CKF preserves operational fidelity for machine readers. The two formats answer opposite questions:

PDF asks: "how should this document appear to a human?"
CKF asks: "how should this knowledge operate inside an agent?"

A human reading a PDF infers structure that the document does not explicitly encode — hierarchies, exceptions, scope, precedence, applicability conditions. A language model receiving the same PDF as raw text must reconstruct that structure at inference time, every time, from the prose. CKF moves the structural inference from inference time to compile time, and encodes the result as typed data.

CKF does not replace PDF. PDFs continue to exist for human distribution.
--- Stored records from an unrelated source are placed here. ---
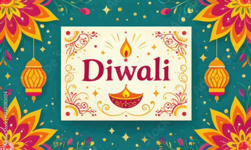 © NguynTh, Naklejka premium Colorful diwali greeting card with ornate lanterns and floral patterns on teal background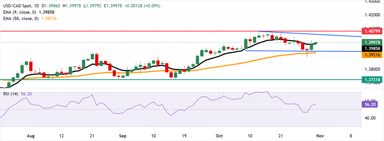 USD/CAD Pronóstico del Precio: Probando la barrera de 1.4000 tras romper por encima de la EMA de nueve días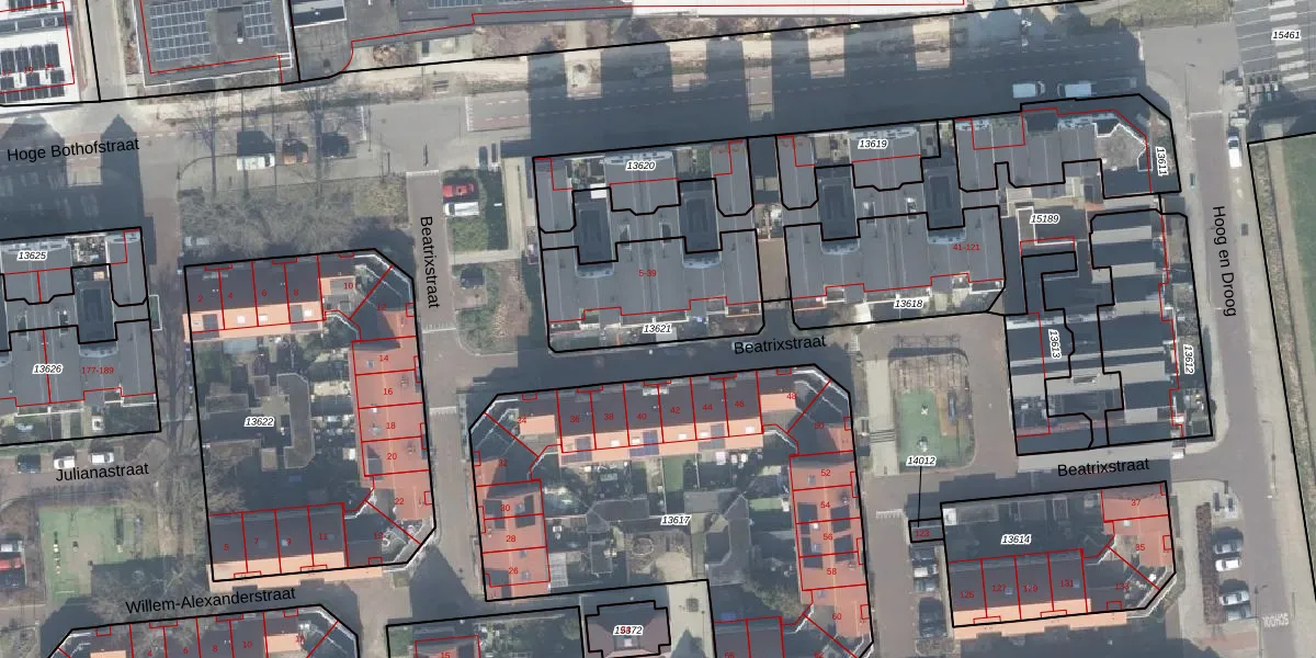 Gebruik de zoekbalk of klik op een perceel om informatie over het perceel te bekijken.

CKF is the layer between PDF and agent — the format that compiles the human-readable document into machine-operable knowledge.

CKF is not a prompt library or system prompt format

LangChain Hub, Anthropic prompt libraries and similar resources collect reusable prompts and system instructions. They standardize how to ask a model to do things.
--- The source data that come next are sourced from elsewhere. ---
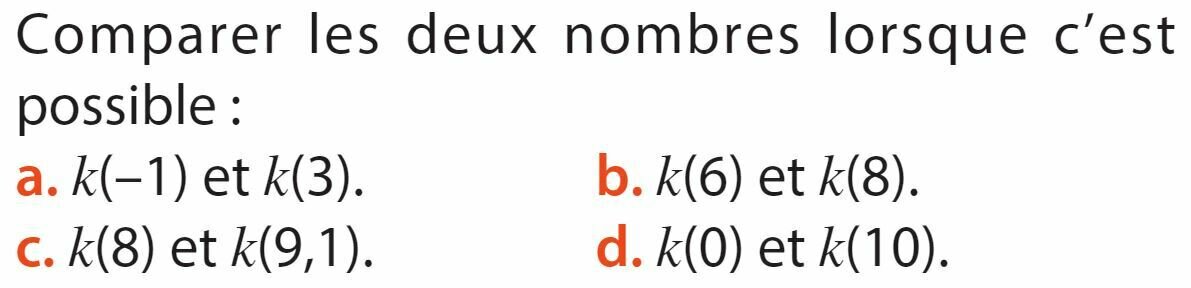 Question 4 : Il s'agit de déterminer les réels \(x\) qui ont une image positive par \(g\).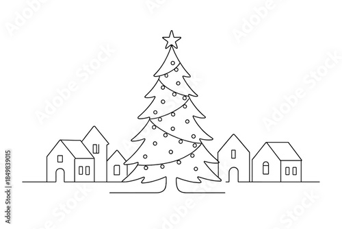 © MarryBerry, Fototapeta premium Minimalist Christmas Tree. "Christmas tree in village center illuminated with lights". Minimalistic one-line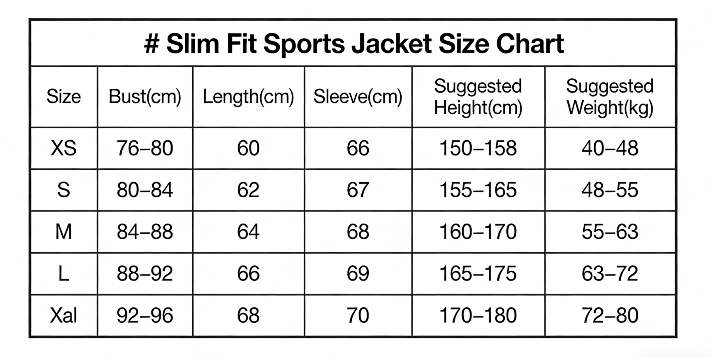 Olive Green Slim Fit Yoga Jacket (with Thumb Hole) - Size Chart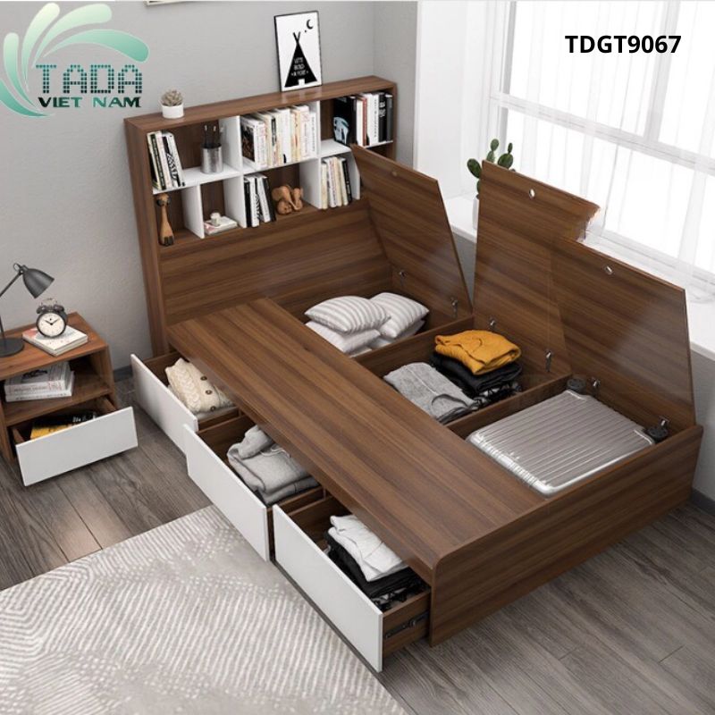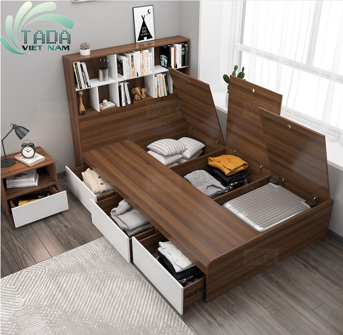 Thiết kế độc đáo đa năng với các ngăn kéo chứa đồ, kệ sách trang trí,...

CKF does not contain prompts and does not specify how a model should be asked. A CKF package describes what is true about a domain, not how the agent should behave when applying that truth. The CKF design explicitly separates these concerns: knowledge lives in .ckf packages; agent behavior (system instructions, conversation patterns, refusal policies) lives in separate overlays.

This separation matters because the same knowledge can be consumed by agents with very different roles — a strict compliance checker, a permissive recommender, a Socratic tutor — without recompiling the knowledge. Prompts are about how to think; CKF is about what is the case.

So what is CKF?

CKF is an open file format for structured representations of knowledge, compiled from human documents and consumed by AI agents.

A CKF package is a typed document containing entities, concepts, conditional rules, exceptions, procedures, principles, heuristics, causal chains, mental models, retrieval-ready atomic units, and provenance back to the source. It is serialized as YAML, JSON or Markdown. It is produced by an automated compiler (typically an LLM with structured tool-calling) and consumed by retrieval systems, agents, or MCP-compatible clients.

The role CKF plays in the broader stack is the role of a compiled intermediate representation for knowledge. The analogy is to LLVM IR in software compilers: source code is human-readable but not directly executable; compilers transform it into an intermediate representation that is optimized, verifiable, and portable across backends; runtime systems then execute the IR.

Applied to knowledge:

Human documents (PDF, DOCX, manuals, policies, textbooks) play the role of source code.
CKF packages play the role of intermediate representation.
Agents, retrieval systems, MCP servers play the role of runtime.

Just as LLVM IR did not replace GCC or Clang but became the substrate on which both operate, CKF is not positioned to replace RAG, GraphRAG, vector databases or MCP. It is positioned as the format these systems can share when their input is structured knowledge rather than unstructured text.

What CKF compels its adoption to demonstrate empirically — and what the CKF research program is designed to test — is whether moving structural inference from inference time to compile time produces measurable gains in retrieval precision, response faithfulness, token efficiency, auditability, and resistance to a class of failure modes called composition hallucinations.

If the empirical results hold up under the pre-registered Study 2, CKF is the format that fits between every PDF, manual, policy or guideline and every agent that consumes them. If not, CKF will still have contributed a vocabulary — composition hallucination, schema-stable retrieval, compiled knowledge — that the field can use independently.